Два регента в длинной, до полу, одежде, шесть мавров с хвостами и рожками, осел со слона величиной и сам он, обнаженный, с тазом в руке. Это был сон. Ступни – лопаты с бахромой, колени – вздутия ствола. За ним едет секретарша высшего начальства верхом на смычке. Два чемодана, двадцать чемоданов, тридцать. Нелегко путешествовать, когда ты не частное лицо, а представитель театральной труппы. Он прыгнул с трамплина в пересохший пруд и не попал. Этих, которые наверху, не видать, а все же, прежде чем оторваться от трамплина, он воплощал их на плантации. Как-никак он, Джон Пайл, был одной десятимиллионной этих, «верхних», тридцать шесть лет, три месяца, двадцать три дня. Недурная тактика – одно противопоставлять другому. Народ ее очень любит за простоту, Черному противопоставишь белое, грязному – чистое, гнусному – прекрасное. Вот, например, начнем таким манером: «Ваши дома – четыре метра в длину, у них одни сады метров по четыреста. У вас нет ничего, у них всего много. У вас женщины ходят в грубом белье, у них – в шелковом, тонком, как бабочкино крыло. Не вы одни – шелковичные черви и те на них работают! SOS! Пришлите поскорей десять броненосцев, шесть линкоров, девять торпед, чтобы сокрушить возмутительную мысль о шелковичных червях! Да, пойти за судьей, статуя Колумба скажет, кто Галу убил. На что Колумб Америку открывал, если такого не знает? Ее убил человек, у которого одна рука и один рукав. Нож он держал рукавом. А Гала рухнула наземь мешком черного песка…»
…Он долго лежал, проснувшись, и не знал, где он. Свет лился из окна, но комнаты он не узнавал. Вот постель, вот пледы, рядом – столик, а где это все – неизвестно. Только не в его сне, а в каком-то доме, в здании каком-то. Судя по мебели, в гостинице. На вешалке – его шляпа. Он решился позвонить, пришел слуга. Это был отель «Метрополия».
– «Метрополь»? – спросил он для верности.
– Нет, сеньор, – отвечал слуга, – «Метрополия». Тут было вроде получше, чем в той, первой. Надо бы послать за вещами. Надо заплатить. Пошлите кого-нибудь. Так сказал он слуге и, оставшись в одиночестве, пробормотал: «Судьба занесла меня сюда, тут и останусь, жаль, портфеля нет, забыл, видно, в клубе».
Слуга сообщил, что его, Пайла, привезли под утро, часа в три, какие-то Люди, говорившие по-английски, и заплатили за ночь. Пайл натянул плед на голову и заснул.
Обо всем этом он рассказывал днем своему другу Тортону. И Тортон, и жена его очень обижались, что он не поехал прямо к ним. У них ведь всегда есть место для друзей, а накормить всего легче: только плесни воды в бульон. Пайл неуверенно извинился и наконец решил сказать все прямо:
– Я не хотел к вам ехать. Вы люди добрые, но взглядом вы все равно спросили бы меня про Лиленд, а мне тяжело о ней говорить, даже и взглядом. Она от меня ушла, и теперь я до самой смерти буду один.

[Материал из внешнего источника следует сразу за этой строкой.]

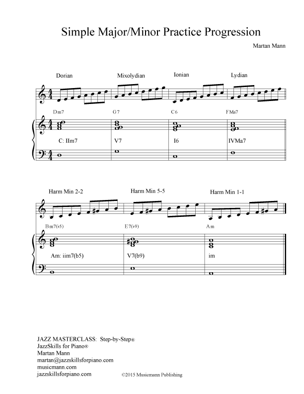 The Simple Major/Minor Progression uses mainly seventh chords: IIm7, V7, C6 (or major seventh), IVMa7. Then the bass line goes down a flatted fifth (tritone) to the IIm7(b5), Vb9, and Im (in the relative minor). It should be learned in all keys, around the cycle of fourths and fifths, and up-and-down chromatically. Learn it in all inversions. Learn with only the left hand playing the chords.
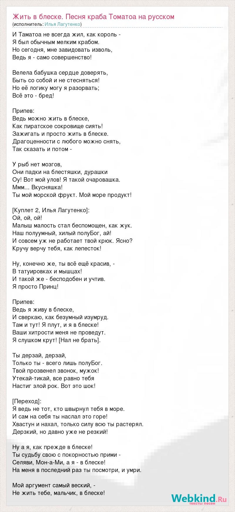 И Таматоа не всегда жил, как король - Я был обычным мелким крабом. Но сегодня, мне завидовать изволь, Ведь я - само совершенство! Велела бабушка сердце доверять, Быть со собой и не стесняться! Но её логику могу я разорвать; Всё это - бред! Припев: Ведь можно жить в блеске, Как пиратское сокровище сиять! Зажигать и просто жить в блеске. Драгоценности с любого можно снять, Так сказать и потом - У рыб нет мозгов, Они падки на блестяшки, дурашки Оу! Вот мой улов! Я такой очаровашка. Ммм... Вкусняшка! Ты мой морской фрукт. Мой море продукт! [Куплет 2, Илья Лагутенко]: Ой, ой, ой! Малыш малость стал беспомощен, как жук. Наш полуумный, хилый полуБог, ай! И совсем уж не работает твой крюк. Ясно? Кручу верчу тебя, как лепесток! Ну, конечно же, ты всё ещё красив, - В татуировках и мышцах! И такой же - бесподобен и учтив. Я просто Принц! Припев: Ведь я живу в блеске, И сверкаю, как безумный изумруд. Там и тут! Я плут, и я в блеске! Ваши хитрости меня не проведут. Я слушком крут! [Нал не брать]. Ты дерзай, дерзай, Только ты - всего лишь полуБог. Твой прозвенел звонок, мужок! Утекай-тикай, все равно тебя Настиг злой рок. Вот это шок! [Переход]: Я ведь не тот, кто швырнул тебя в море. И сам на себя ты наслал это горе! Хвастун и нахал, только силу всю ты растерял. Дерзкий, но давно уже не резкий! Ну а я, как прежде в блеске! Ты судьбу свою с покорностью прими - Селяви, Мон-а-Ми, а я - в блеске! На меня в последний раз ты посмотри, и умри. Мой аргумент самый веский, - Не жить тебе, мальчик, в блеске!
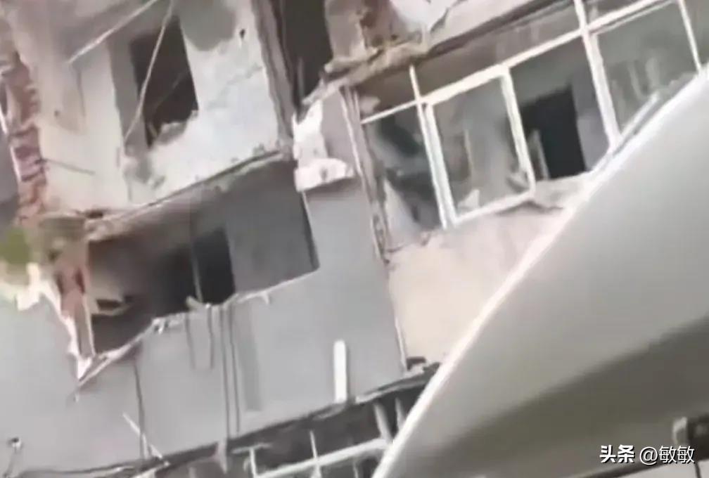 根据现场拍摄的视频,发生爆炸的大楼墙壁被炸出一个大洞。大楼破损的地板掉到了洞下面。居民家中的窗户被炸飞挂在墙上,家里的物品也被炸飞。
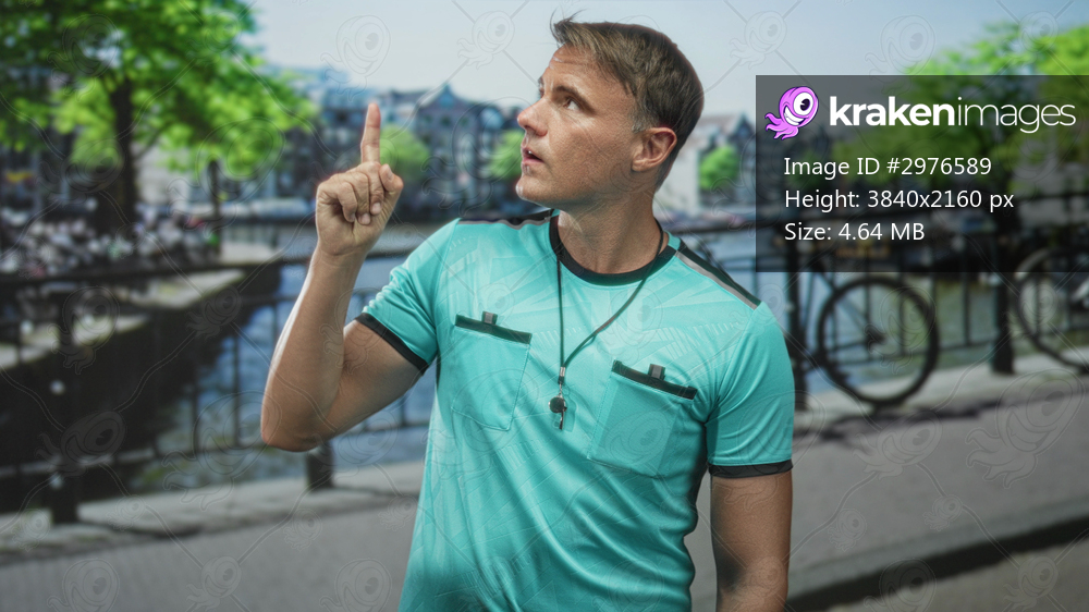 Man referee with whistle pointing index finger on street canal railing by bicycle, wearing teal shirt; confidence guidance.
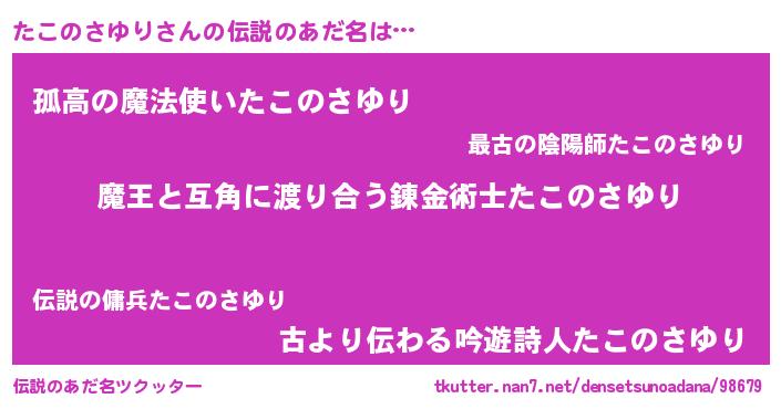| 男性向けラノベタイトル風あだ名 | 『Re:たこのさゆりから始める異世界生活』 |
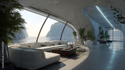 Modern Living Room Minimalist Obsidian Futuristic Japanese Style Sunny Weather Vibrant Accents Crisp Details Radiant Lighting Elegant Design Luxurious Ambiance (AI-Generated)
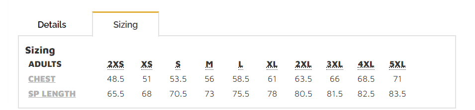 Sizing Details
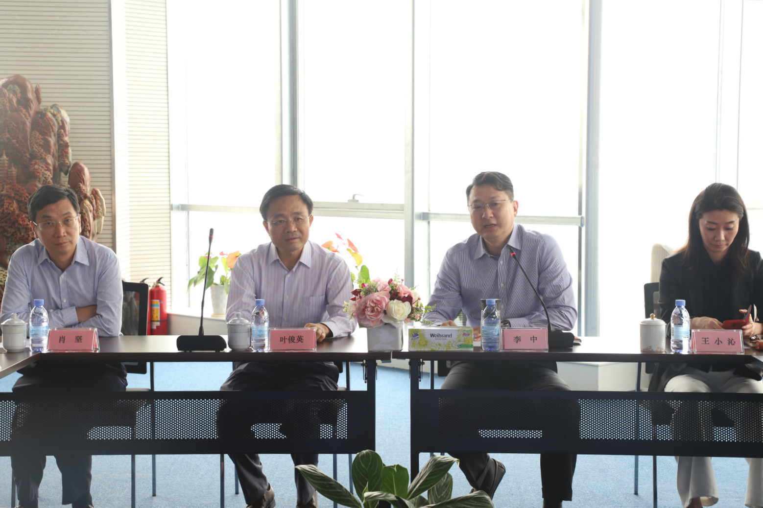 8月6日,粵民投董事長葉俊英、總經(jīng)理肖堅、高騰控股總裁丁靚等一行5人蒞臨金達環(huán)保考察,受到公司董事長李中、副董事長王小沁、總經(jīng)理黃偉才等的熱情歡迎。
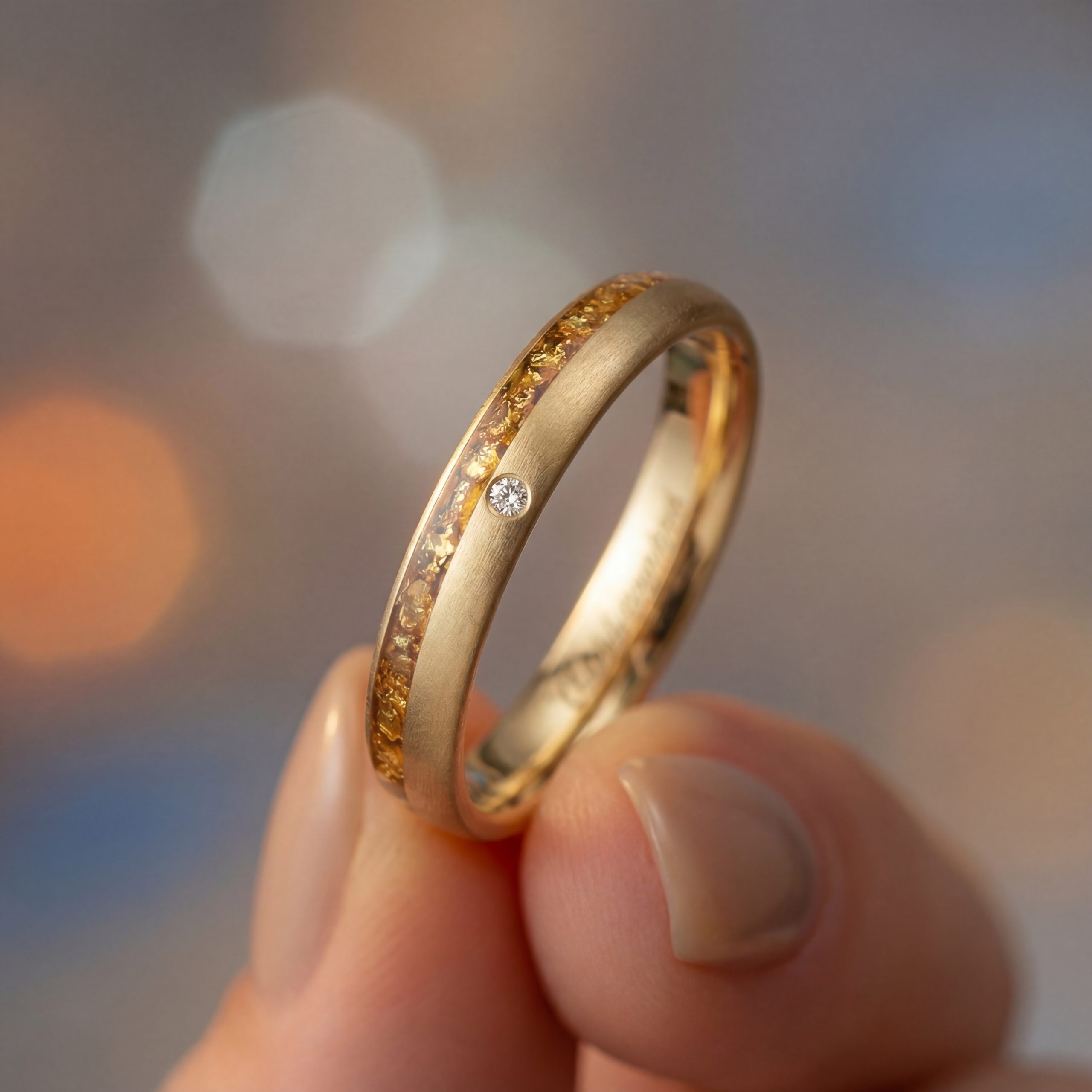 In Kombination mit der Reibmatten Oberflächenstruktur kommen die Goldflakes besonders gut zur Geltung und werden beim Damenring durch einen Brillanten harmonisch abgerundet.
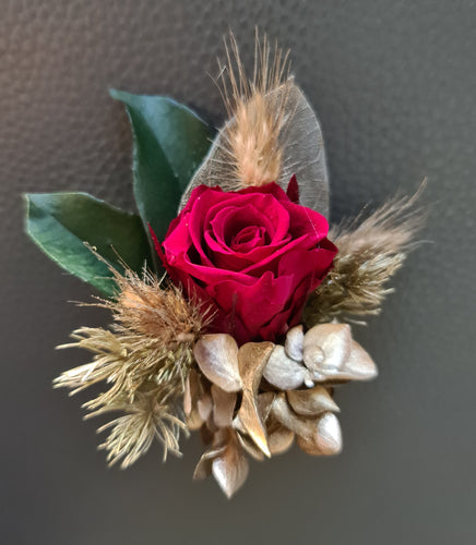 Everlasting flowers wedding buttonhole – red, green & gold
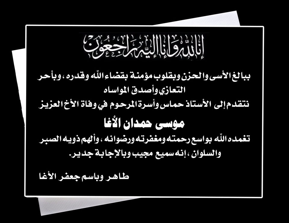 بسم الله الرحمن الرحيم (( يَا أَيَّتُهَا النَّفْسُ الْمُطْمَئِنَّةُ ارْجِعِي إِلَى رَبِّكِ رَاضِيَةً مَرْضِيَّةً فَادْخُلِي فِي عِبَادِي وَادْخُلِي جَنَّتِي )) ببالغ الحزن والأسى ننعى إليكم نبأ وفاة الحاج المغفور له / موسى حمدان الأغا(أبو حمدان)الذي وافته المنية في قطاع غزة فلسطين. تقبل التعازي للرجال في مجلس العزاء بفندق سنترو المنهل روتانا - القاعة بالطابق الثاني - شارع الشيخ راشد بن سعيد(شارع المطار) - أبوظبي. وذلك يومي السبت والأحد الموافق 25,26 /11/2017 وذلك بعد صلاة المغرب. المواقف متوفرة بالفندق أو في مبنى المواقف التابع للوحدة مول بخلف الفندق مباشرة.
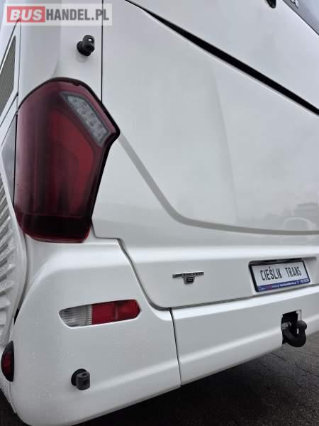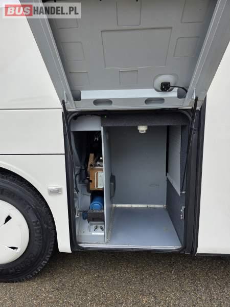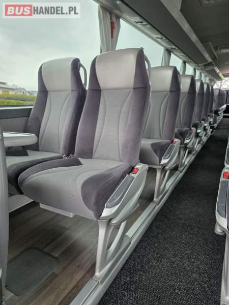 : WC, lodówka, kabina sypialna, fotele odchylane, oświetlenie indywidualne, nawiewy dyszowe, siateczki, ABS, ASR, tempomat, retarder, podnóżki, stoliczki, mikrofon, klimatyzacja, radio, sejf, regulacja wysokości nadwozia, centralny zamek, podwójne szyby boczne, wspomaganie kierownicy, elektryczne lusterka, fotele odchylane i rozsuwane, DVD, ogrzewanie stacjonarne, ESP
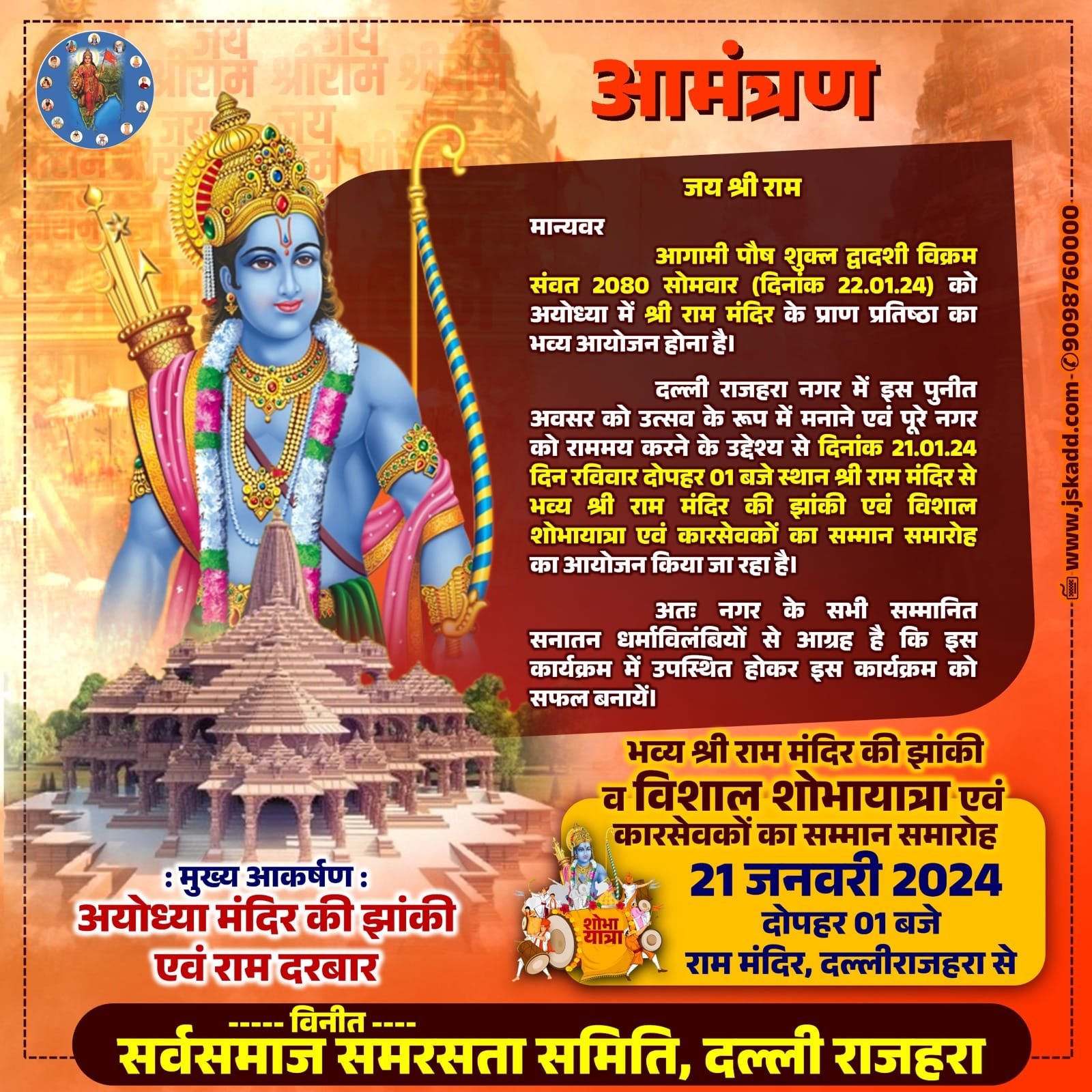 श्री राममंदिर से 21 जनवरी को भव्य श्री राम मंदिर की झांकी एवं विशाल शोभायात्रा व कार सेवकों का सम्मान समारोह ।
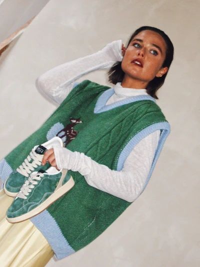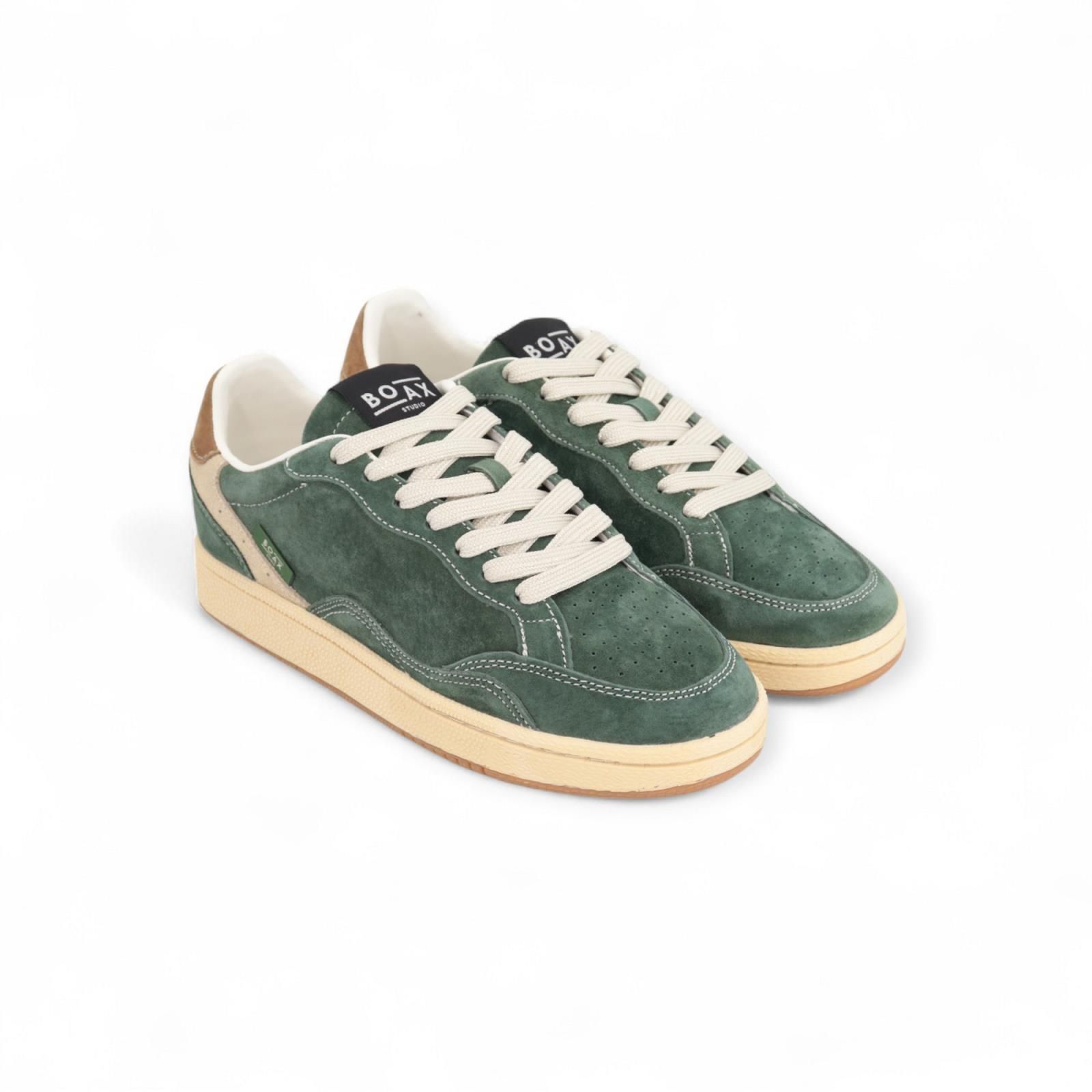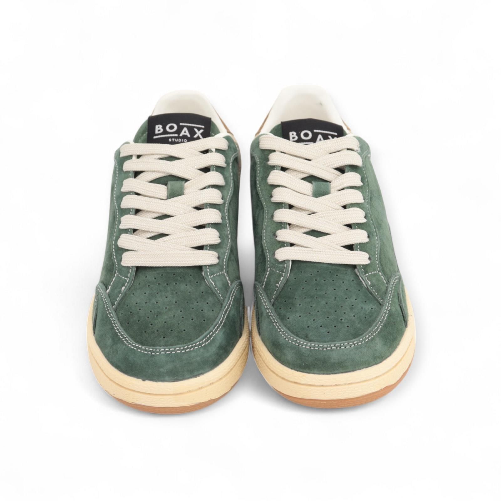Sneaker Ace van Boax voor dames. Deze sneaker is in groen suède afgewerkt met goud shining suède en een camel hielflap. Is op een vaste zool met een uitneembare binnenzool.
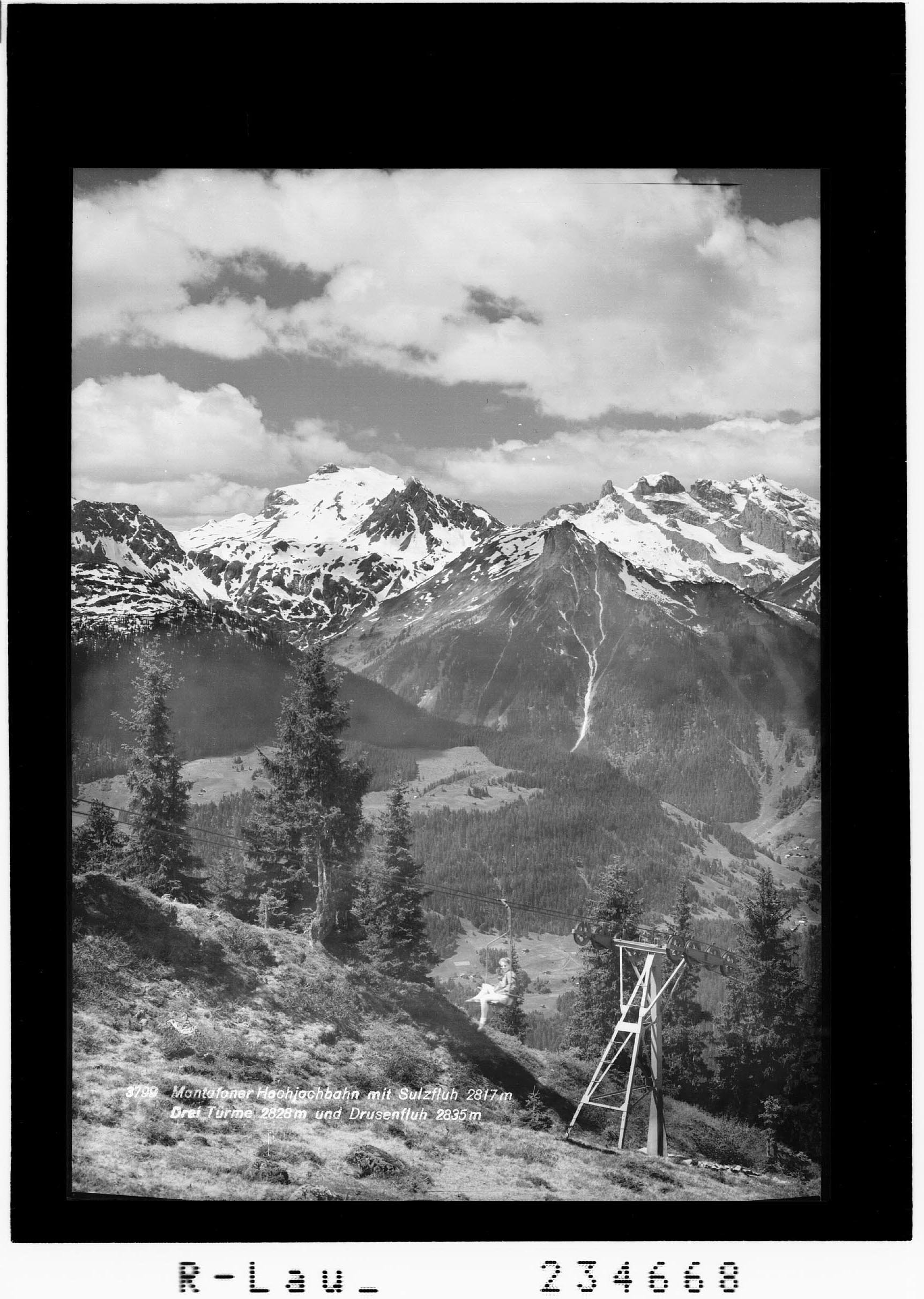 Montafoner Hochjochbahn mit Sulzfluh 2817 m, Drei Türme 2828 m und Drusenfluh 2835 m

Потом он ушел в свою «Метрополию», уговорить его не удалось. Тортоны проводили его до ворот сада и шли обратно, как с похорон.
Наконец Тортон сказал:
– Просто не верится!.. Лиленд влюбилась в этого чудака и ветрогона. Такая уравновешенная, такая красивая женщина – и вот голову потеряла…
Джон Пайл прислал из Нью-Йорка открытку на рождество и Новый год, и больше никто о нем ничего не слышал.
V
Клещеватый вернулся домой совсем другим и охотно показывался маловерам, которые пророчили, что он в больнице умрет. Ему стало настолько лучше, что он мог обуть башмаки – парусиновые, правда, но все же настоящие. Прежде он оборачивал ступни все новым и новым тряпьем, и, поскольку ему становилось только хуже, со временем у него на ногах образовались настоящие подушки.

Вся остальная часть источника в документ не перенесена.